As most of you know, I'm far from a full-time writer.
I'm a mom and a wife and a lawyer and a writer.
For me life-work isn't about balance. It's about triage.
I have a preschooler. My husband works full time We both volunteer with non-profits and sit on a few boards. We have pets. Other than a bi-weekly housekeeper, we don't have any household help. I work odd and long hours. No nine-to-five for me. And that is my saving grace.

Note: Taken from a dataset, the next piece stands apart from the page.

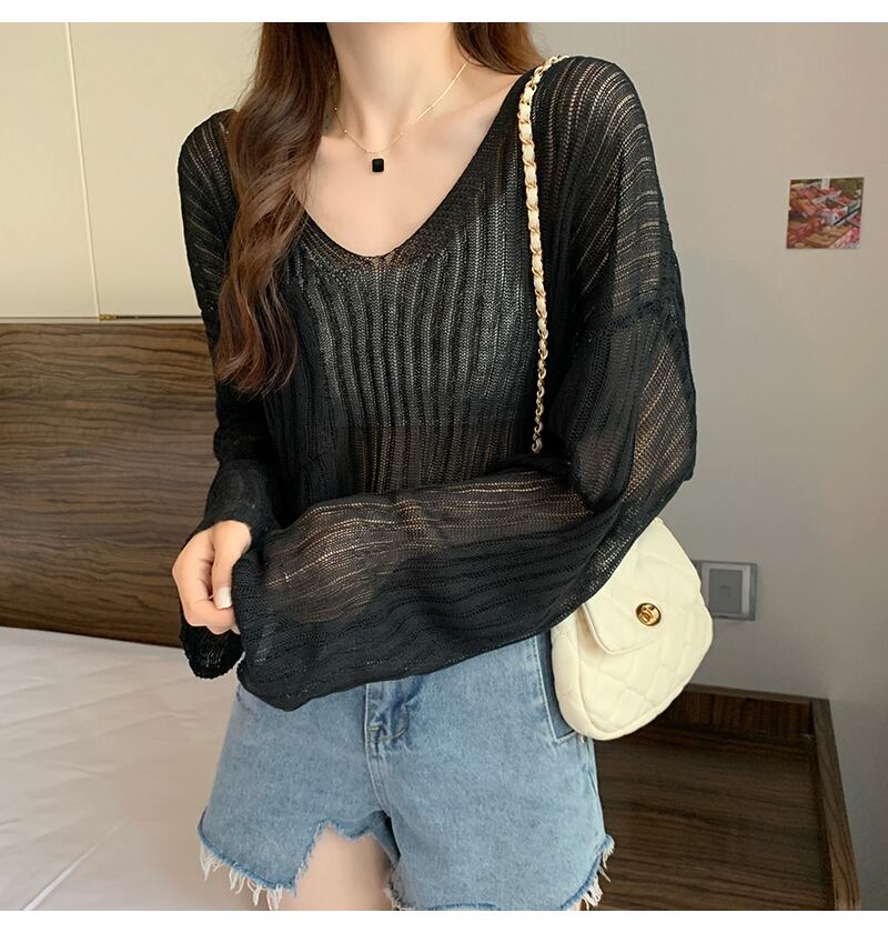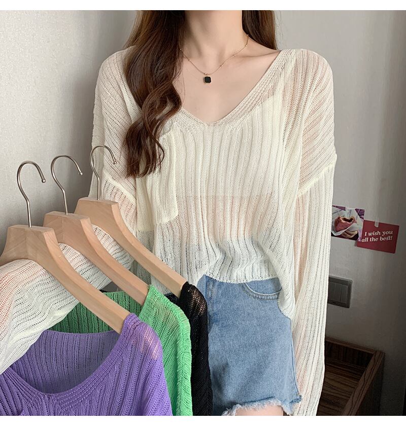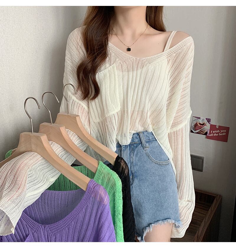 アイスワイヤーニット サンディスペンス レディース 春 夏 外スリング付き ブラウス Vネック エアコンシャツ薄い ブラウス トップス Tシャツ ブラウス ミディアム丈 長袖 ボリューム袖 萌袖 Vネック ストレート 透け感 大人可愛い きれいめ シンプル カジュアル おしゃれ 大人女子 こなれ感 ラフ 無地 春 夏 秋 10代 20代 30代 40代 50代 レディース OL 通勤 学生 通学 デート お出かけ 女子会 お泊まり 休日 普段使い ゆったり ホワイト ブラック グリーン パープル

For the past 8 days I have been completely lost in lawyer mode. Little mommy-ing or wife-ing and absolutely no writing. However, yesterday my lawyering came to a full stop for a few days and I have mommied hard core. I sorted out old toys, hosted an impromptu sleepover party, snuggled on the sofa in front of a Disney movie, made pancakes from scratch, and facilitated crafts. With my child off at preschool, I've got a few hours of writing to sneak in before I move to wife-mode and book past-due medical and dental appointments, make a dry cleaning run, swap out moldy fruit from the fridge for fresh from the grocery, and cook a dinner that doesn't involve a microwave. Wish me luck! And with further luck, perhaps I'll be able to make some substantial writing progress this weekend.
So, no, there isn't any balance in my life. No neatly drawn lines at certain hours of the day. I can't keep all the plates spinning in the air at once. "Multi-tasking" isn't my strong suit. I haven't figured out how to wash dishes while taking a conference call. I certainly don't make play-dough creatures while crafting legal arguments. I float from one 'crisis" to another, focusing on what needs to be done and when I find that task, I'm in it as close to 100% as humanly possible.